WHAT TO WORK ON - When you return the lines below, go from the first through the line with "Weimar. Der Herder-Platz", keep them exact, and leave out every picture.
_ _ _ _ _ _ _
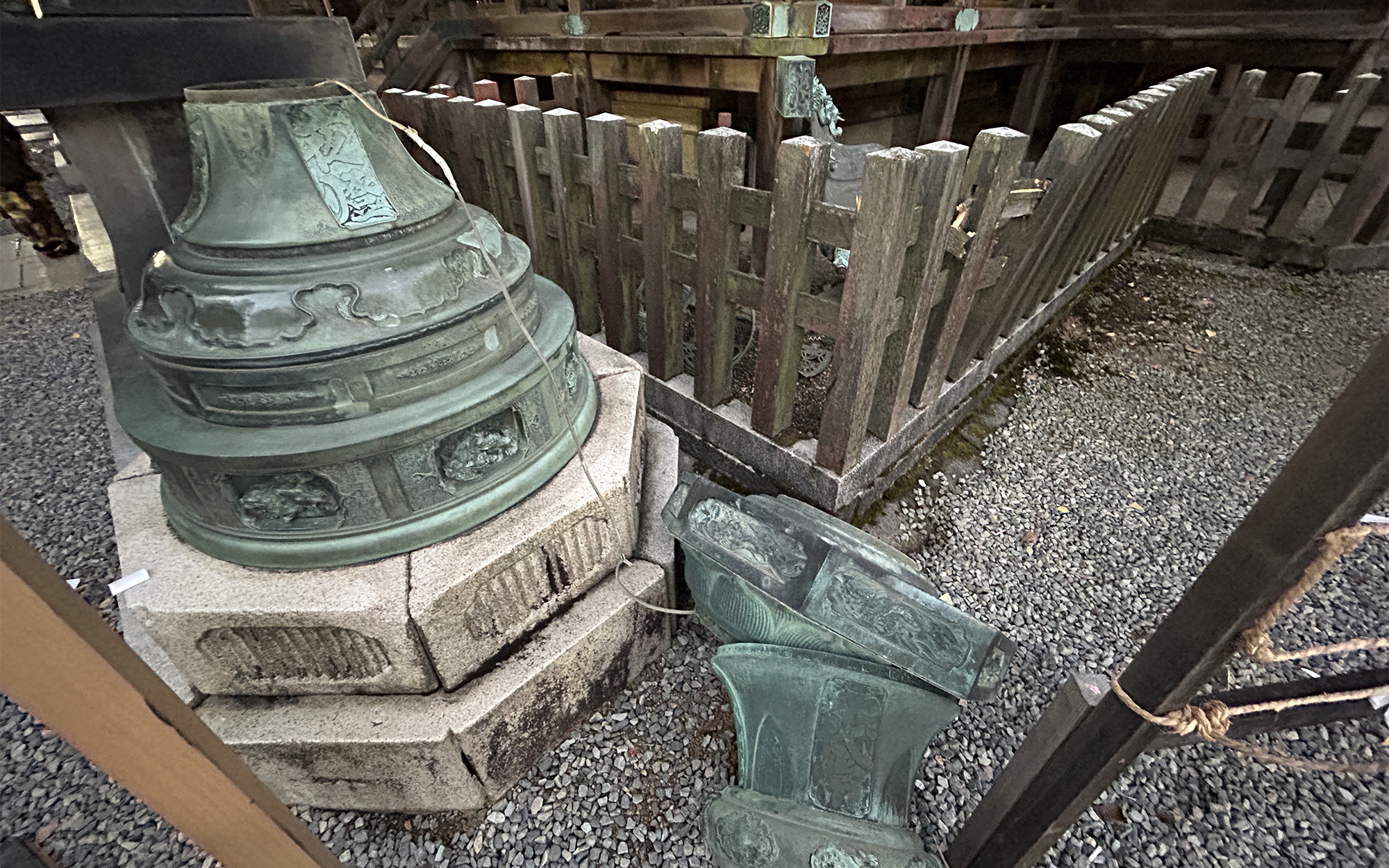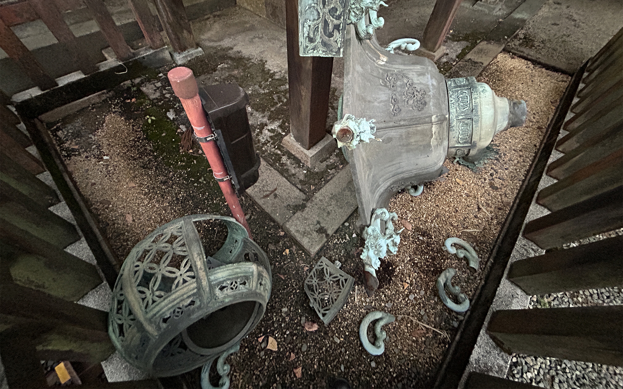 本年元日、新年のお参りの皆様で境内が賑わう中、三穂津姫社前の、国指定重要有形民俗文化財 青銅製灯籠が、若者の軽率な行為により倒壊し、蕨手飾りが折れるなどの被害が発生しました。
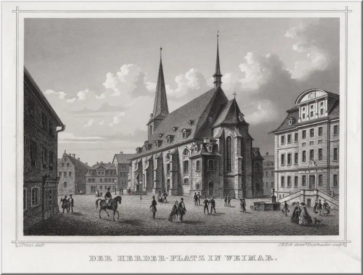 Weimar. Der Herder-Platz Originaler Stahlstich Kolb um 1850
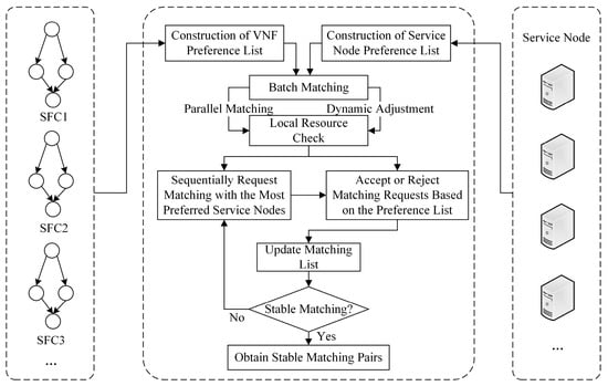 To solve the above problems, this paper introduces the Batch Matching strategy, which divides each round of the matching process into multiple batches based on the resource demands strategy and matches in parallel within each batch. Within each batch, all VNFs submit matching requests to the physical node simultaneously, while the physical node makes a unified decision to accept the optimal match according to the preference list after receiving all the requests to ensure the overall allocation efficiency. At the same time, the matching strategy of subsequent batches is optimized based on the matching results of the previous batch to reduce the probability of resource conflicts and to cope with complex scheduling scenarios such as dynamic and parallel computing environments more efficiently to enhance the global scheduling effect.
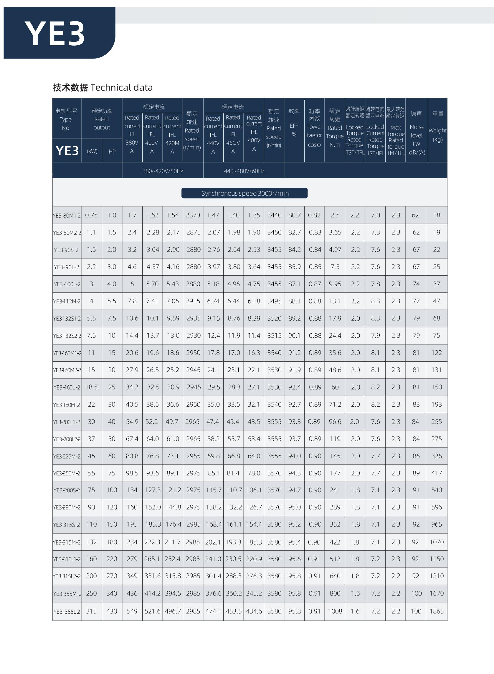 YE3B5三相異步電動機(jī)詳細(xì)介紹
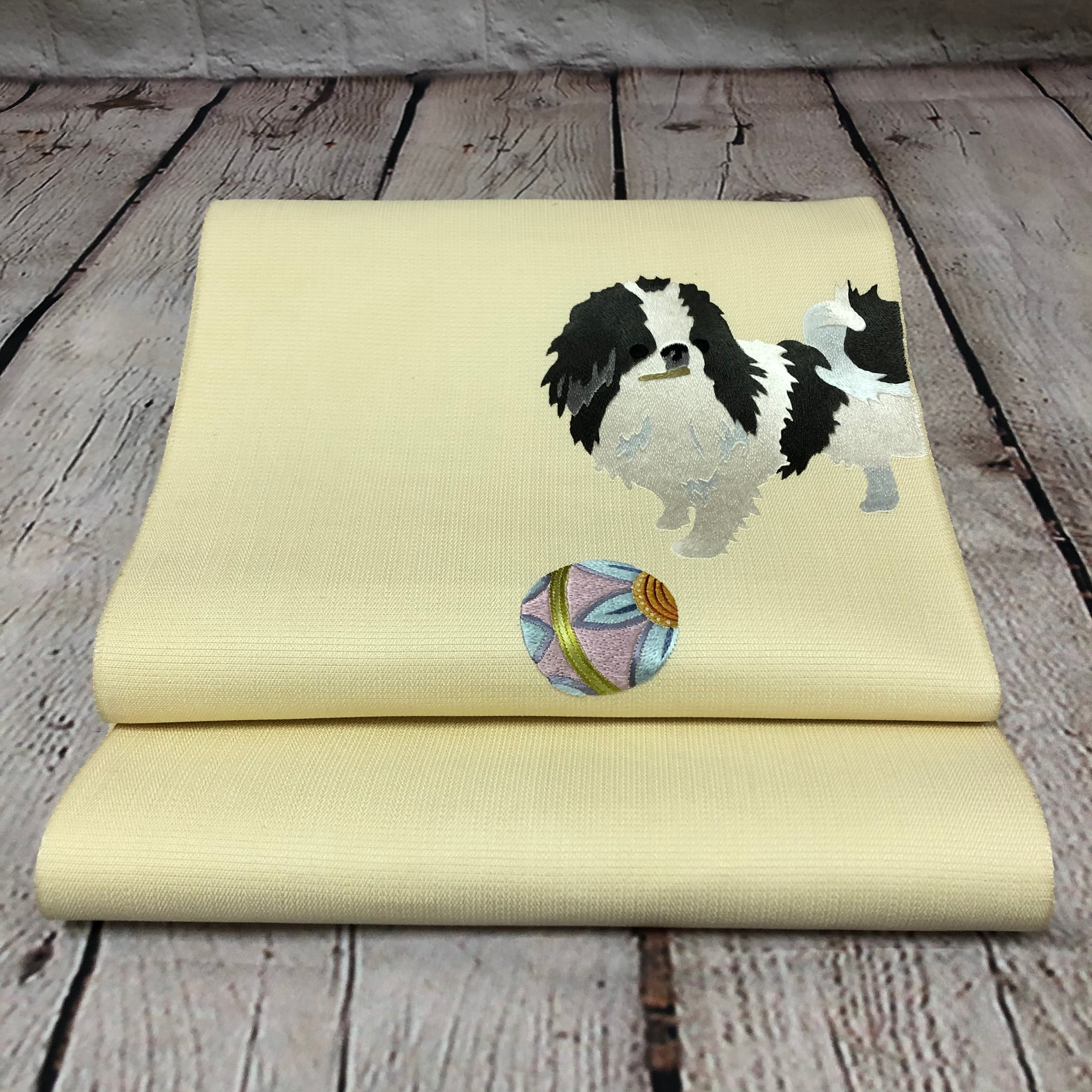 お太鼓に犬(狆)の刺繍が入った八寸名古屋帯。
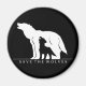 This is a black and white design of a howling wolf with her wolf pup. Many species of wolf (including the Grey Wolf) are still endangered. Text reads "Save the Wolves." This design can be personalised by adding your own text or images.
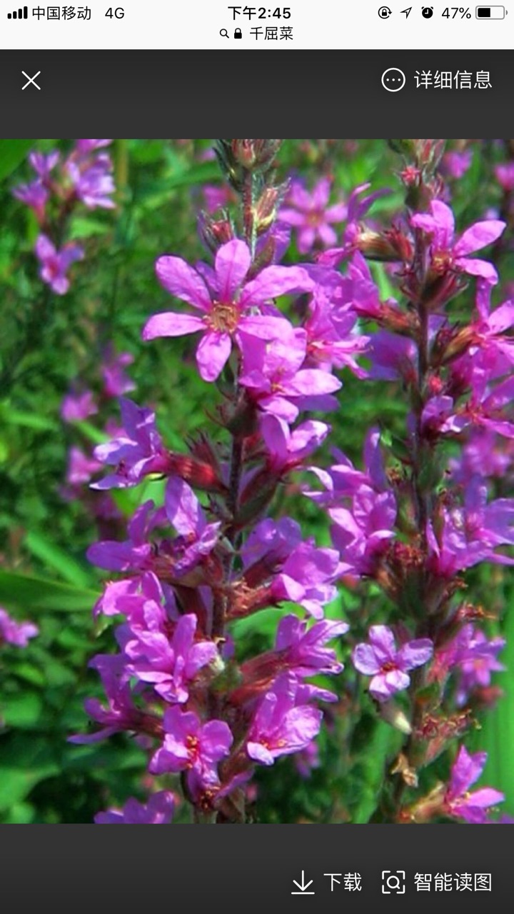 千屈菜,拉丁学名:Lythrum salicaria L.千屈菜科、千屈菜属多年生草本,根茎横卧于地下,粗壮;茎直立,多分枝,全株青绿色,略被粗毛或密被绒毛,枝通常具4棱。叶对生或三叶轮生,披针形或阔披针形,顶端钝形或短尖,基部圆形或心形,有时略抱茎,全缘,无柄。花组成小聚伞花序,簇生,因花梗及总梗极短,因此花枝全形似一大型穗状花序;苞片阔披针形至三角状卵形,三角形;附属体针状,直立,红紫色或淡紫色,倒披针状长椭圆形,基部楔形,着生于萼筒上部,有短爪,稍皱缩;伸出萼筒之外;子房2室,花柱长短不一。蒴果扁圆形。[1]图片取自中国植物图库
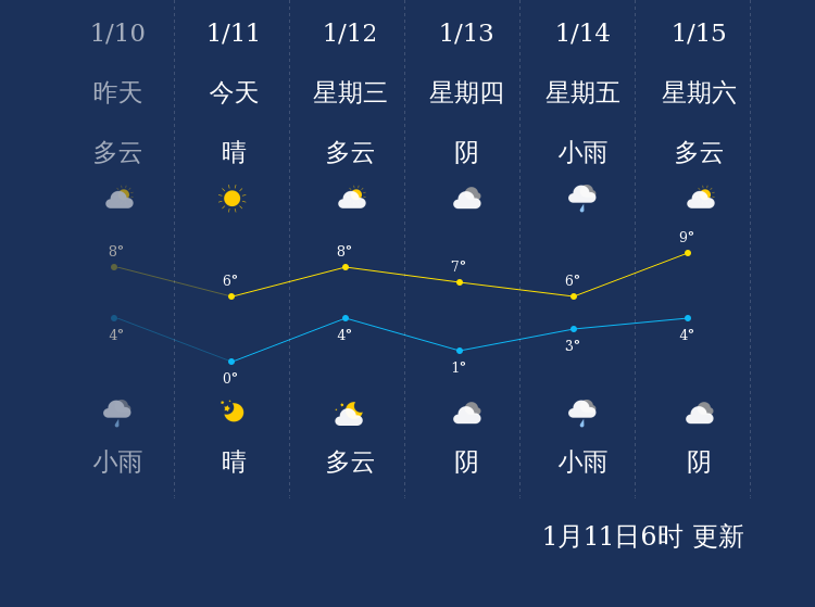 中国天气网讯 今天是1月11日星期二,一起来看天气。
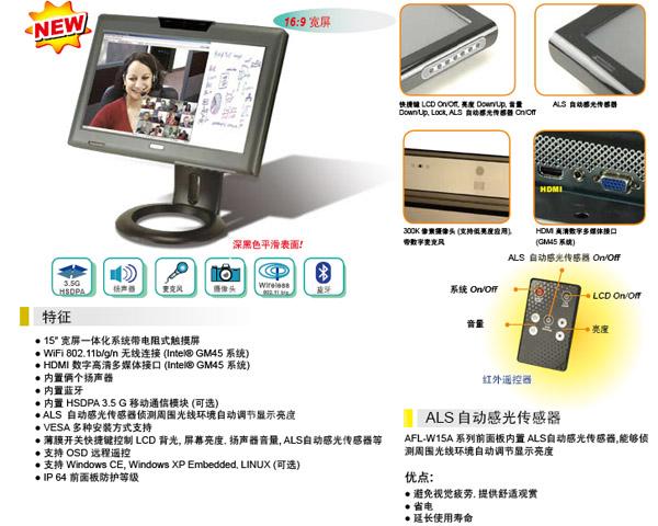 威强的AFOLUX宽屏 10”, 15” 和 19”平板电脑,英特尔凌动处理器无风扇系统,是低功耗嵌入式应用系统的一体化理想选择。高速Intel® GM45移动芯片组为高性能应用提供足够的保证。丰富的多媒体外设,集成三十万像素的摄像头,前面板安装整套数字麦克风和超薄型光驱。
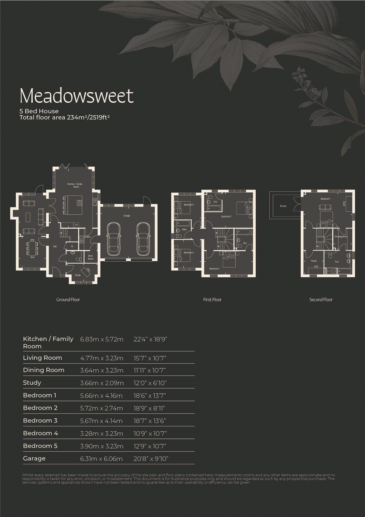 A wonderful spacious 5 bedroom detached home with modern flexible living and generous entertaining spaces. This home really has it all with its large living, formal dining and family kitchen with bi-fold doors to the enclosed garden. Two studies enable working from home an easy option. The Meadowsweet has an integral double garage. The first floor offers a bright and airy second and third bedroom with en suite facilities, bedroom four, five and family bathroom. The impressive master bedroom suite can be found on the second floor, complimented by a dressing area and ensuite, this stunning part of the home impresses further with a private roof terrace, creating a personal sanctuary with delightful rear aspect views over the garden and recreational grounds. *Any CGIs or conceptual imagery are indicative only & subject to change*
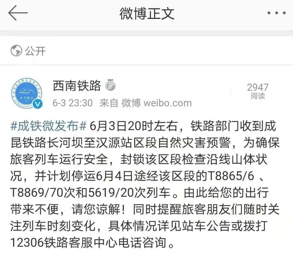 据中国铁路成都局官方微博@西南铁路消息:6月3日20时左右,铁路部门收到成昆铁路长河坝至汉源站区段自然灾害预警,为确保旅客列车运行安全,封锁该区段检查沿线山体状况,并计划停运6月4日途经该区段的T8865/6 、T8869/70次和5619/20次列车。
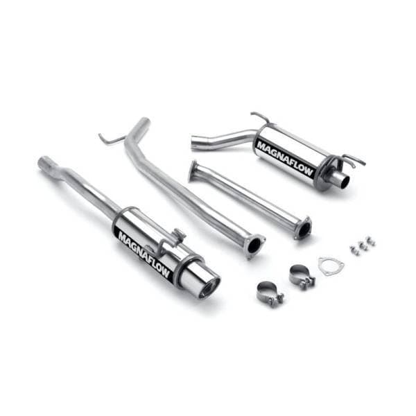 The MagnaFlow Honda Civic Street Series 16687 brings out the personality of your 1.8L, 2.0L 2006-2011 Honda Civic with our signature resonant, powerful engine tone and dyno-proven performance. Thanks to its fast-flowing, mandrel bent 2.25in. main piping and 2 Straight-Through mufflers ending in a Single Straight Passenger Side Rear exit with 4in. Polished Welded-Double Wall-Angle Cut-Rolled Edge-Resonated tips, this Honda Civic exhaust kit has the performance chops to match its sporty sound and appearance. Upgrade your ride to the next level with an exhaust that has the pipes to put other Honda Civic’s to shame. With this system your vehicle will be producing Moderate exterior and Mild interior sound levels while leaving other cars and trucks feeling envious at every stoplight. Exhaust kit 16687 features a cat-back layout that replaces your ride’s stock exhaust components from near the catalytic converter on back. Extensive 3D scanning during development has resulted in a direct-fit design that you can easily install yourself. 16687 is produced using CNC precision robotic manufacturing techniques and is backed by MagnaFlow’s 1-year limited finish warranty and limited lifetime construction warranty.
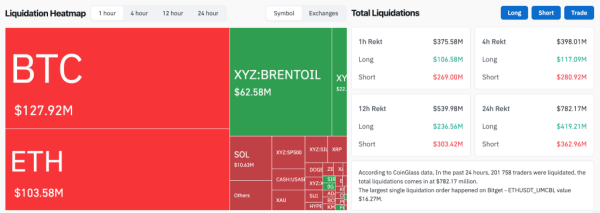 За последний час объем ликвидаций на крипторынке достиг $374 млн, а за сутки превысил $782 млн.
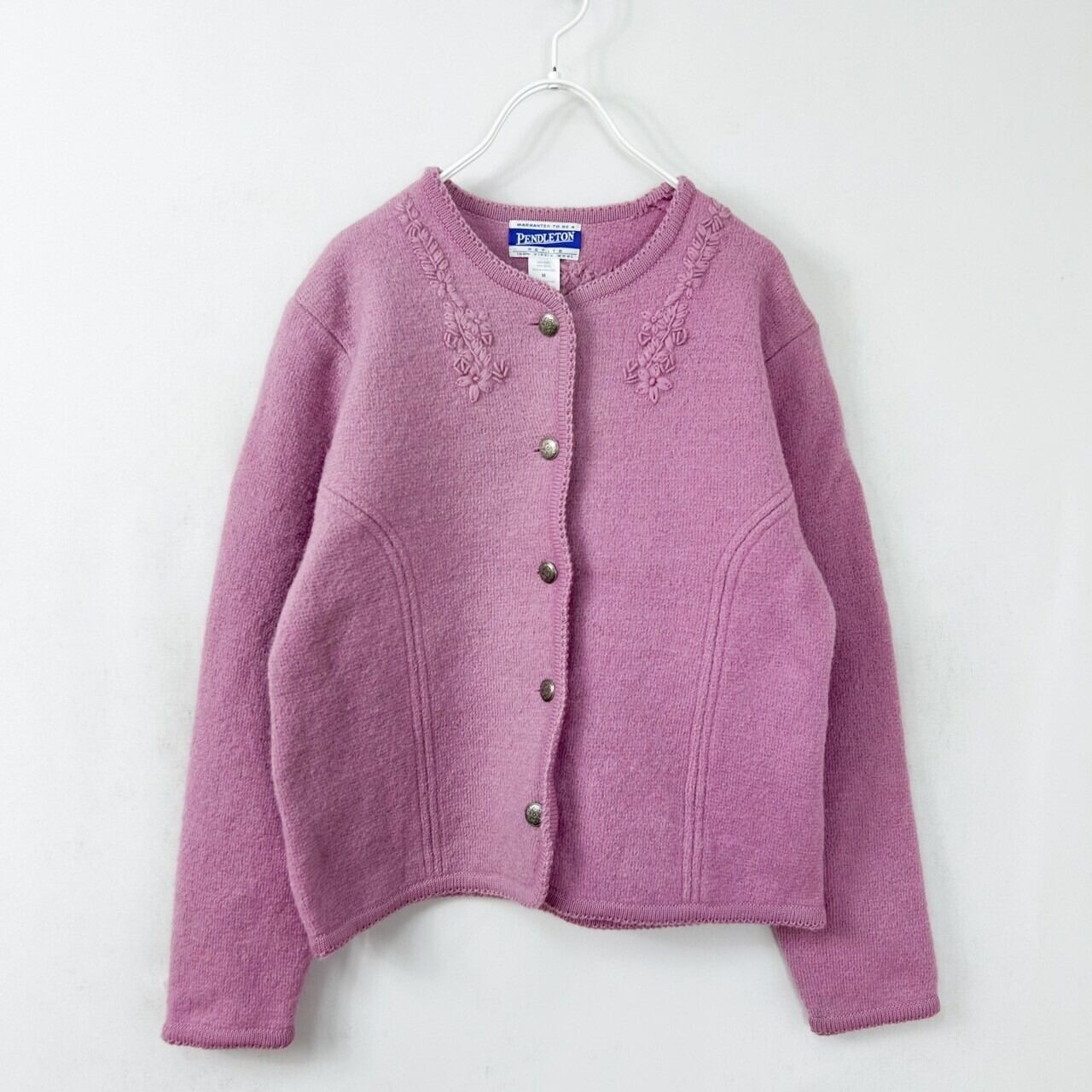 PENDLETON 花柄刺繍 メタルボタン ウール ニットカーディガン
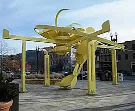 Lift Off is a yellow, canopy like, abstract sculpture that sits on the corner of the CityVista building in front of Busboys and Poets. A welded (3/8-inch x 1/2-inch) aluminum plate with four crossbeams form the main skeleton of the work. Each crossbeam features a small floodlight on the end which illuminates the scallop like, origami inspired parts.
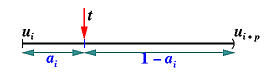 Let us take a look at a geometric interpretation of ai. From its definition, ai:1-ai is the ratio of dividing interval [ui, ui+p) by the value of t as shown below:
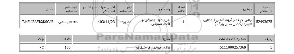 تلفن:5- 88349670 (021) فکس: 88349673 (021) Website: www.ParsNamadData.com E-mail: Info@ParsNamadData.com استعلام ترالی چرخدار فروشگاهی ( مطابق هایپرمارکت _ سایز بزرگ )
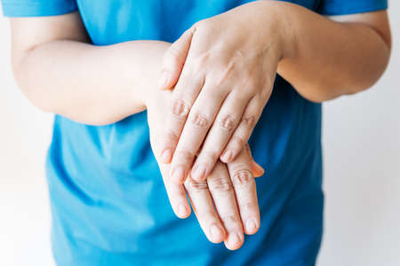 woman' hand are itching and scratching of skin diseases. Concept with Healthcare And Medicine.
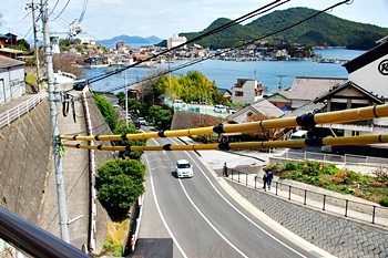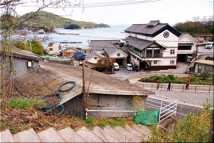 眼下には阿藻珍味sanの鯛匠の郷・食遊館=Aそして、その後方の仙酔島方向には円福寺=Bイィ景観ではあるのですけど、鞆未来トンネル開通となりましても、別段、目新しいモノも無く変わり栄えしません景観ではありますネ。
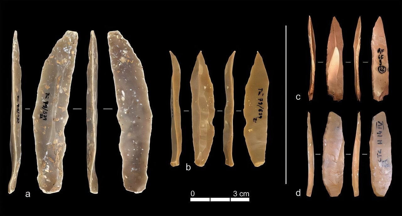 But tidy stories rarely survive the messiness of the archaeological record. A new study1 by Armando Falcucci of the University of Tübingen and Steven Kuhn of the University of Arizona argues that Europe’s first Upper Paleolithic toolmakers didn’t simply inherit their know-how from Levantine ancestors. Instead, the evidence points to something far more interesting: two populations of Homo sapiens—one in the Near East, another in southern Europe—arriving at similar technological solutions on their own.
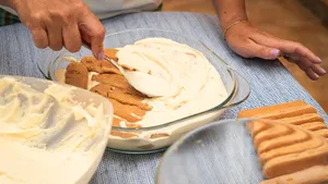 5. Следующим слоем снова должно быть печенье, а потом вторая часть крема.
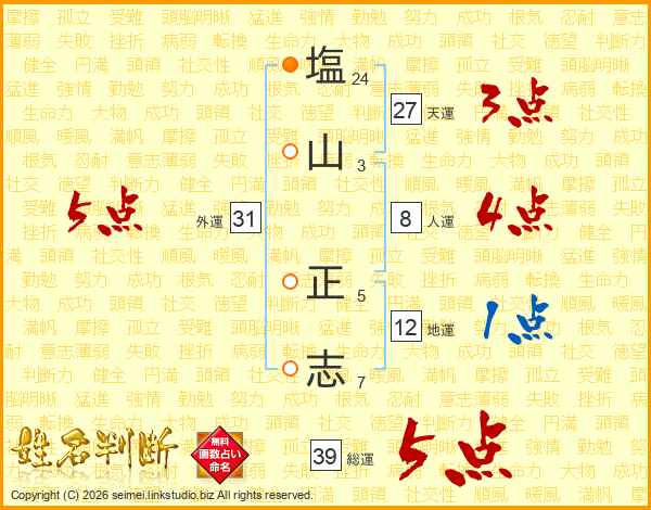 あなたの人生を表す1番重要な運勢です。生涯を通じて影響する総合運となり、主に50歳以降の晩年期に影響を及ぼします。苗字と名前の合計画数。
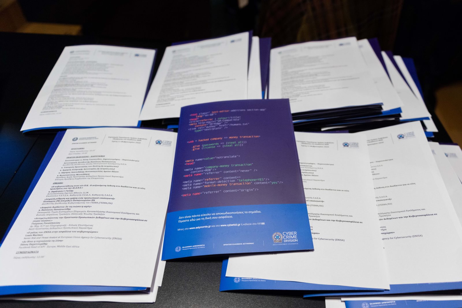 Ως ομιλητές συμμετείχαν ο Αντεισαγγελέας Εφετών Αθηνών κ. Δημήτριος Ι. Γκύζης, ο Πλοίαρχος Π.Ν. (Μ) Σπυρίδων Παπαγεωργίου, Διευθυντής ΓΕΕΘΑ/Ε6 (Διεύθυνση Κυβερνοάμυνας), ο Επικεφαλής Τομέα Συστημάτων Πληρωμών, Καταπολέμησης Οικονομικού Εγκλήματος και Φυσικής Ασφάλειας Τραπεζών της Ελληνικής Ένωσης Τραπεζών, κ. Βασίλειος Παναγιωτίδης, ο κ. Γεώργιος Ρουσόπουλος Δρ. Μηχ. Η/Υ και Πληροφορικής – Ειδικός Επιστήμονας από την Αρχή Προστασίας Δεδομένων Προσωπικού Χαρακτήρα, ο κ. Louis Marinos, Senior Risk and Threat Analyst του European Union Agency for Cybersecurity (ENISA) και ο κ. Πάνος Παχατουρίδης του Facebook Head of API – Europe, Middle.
_ _ _ _ _ _ _
OUTPUT FOR THIS EXERCISE -
 本年元日、新年のお参りの皆様で境内が賑わう中、三穂津姫社前の、国指定重要有形民俗文化財 青銅製灯籠が、若者の軽率な行為により倒壊し、蕨手飾りが折れるなどの被害が発生しました。
 Weimar. Der Herder-Platz Originaler Stahlstich Kolb um 1850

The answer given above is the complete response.